■ Work instruction: Reproduce exactly, and only, the lines of the material below running from the line bearing "x Instruction |" through the line bearing "At a high level, we'll". Leave any pictures out.

Working data START

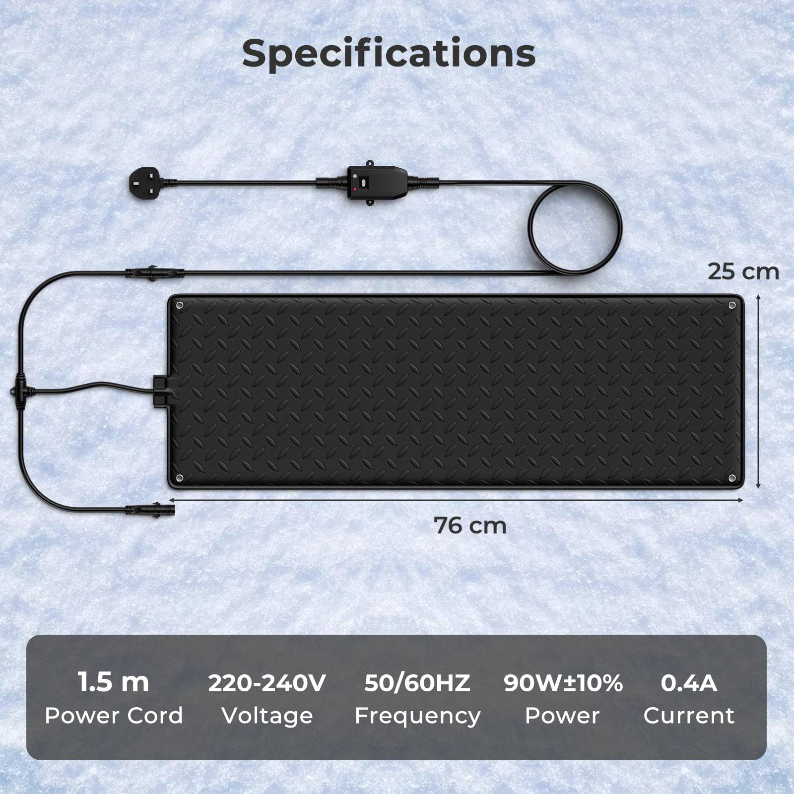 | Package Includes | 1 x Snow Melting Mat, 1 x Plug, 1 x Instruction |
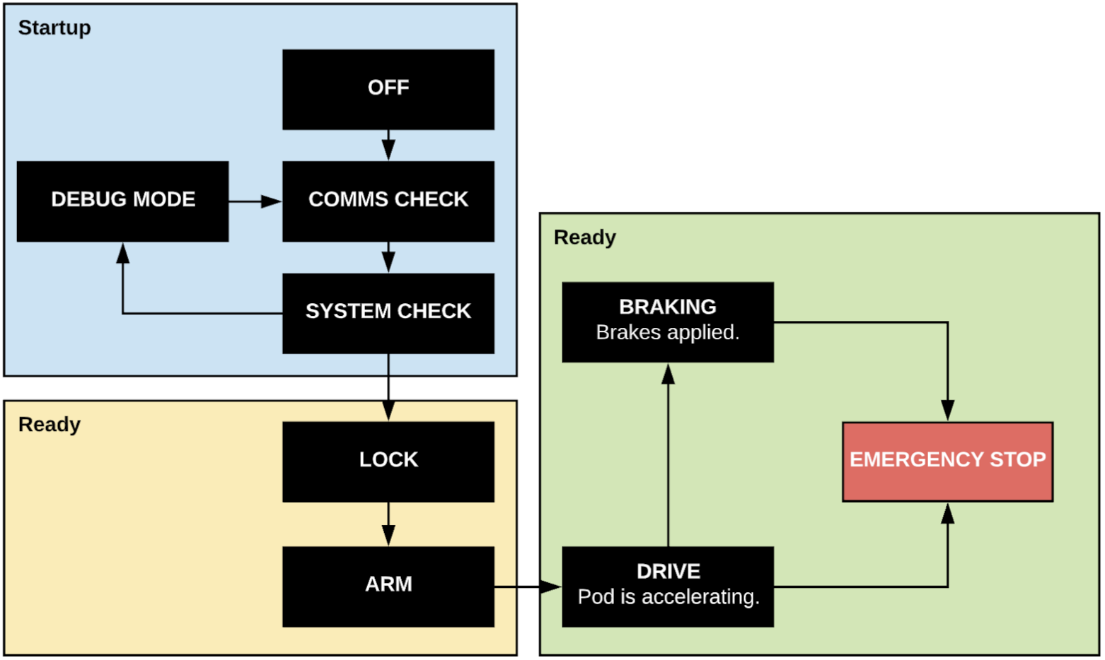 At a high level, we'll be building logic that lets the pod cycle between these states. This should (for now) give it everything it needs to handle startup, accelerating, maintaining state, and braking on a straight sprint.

Working data END
Working data START

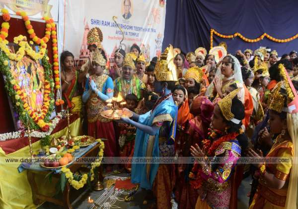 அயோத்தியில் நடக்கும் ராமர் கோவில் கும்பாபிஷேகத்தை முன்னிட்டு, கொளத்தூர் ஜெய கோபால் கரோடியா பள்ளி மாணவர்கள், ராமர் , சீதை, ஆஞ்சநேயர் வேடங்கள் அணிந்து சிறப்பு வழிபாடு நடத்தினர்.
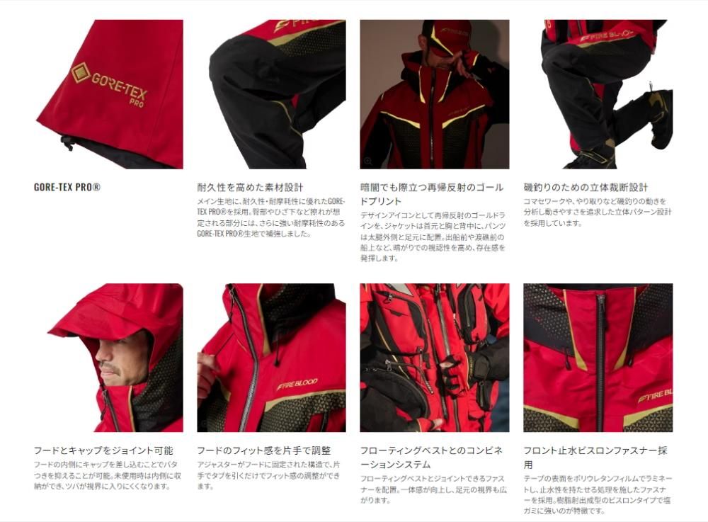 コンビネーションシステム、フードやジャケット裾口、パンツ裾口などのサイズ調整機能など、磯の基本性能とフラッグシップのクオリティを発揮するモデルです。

Working data END

■ Answer space:
 | Package Includes | 1 x Snow Melting Mat, 1 x Plug, 1 x Instruction |
 At a high level, we'll be building logic that lets the pod cycle between these states. This should (for now) give it everything it needs to handle startup, accelerating, maintaining state, and braking on a straight sprint.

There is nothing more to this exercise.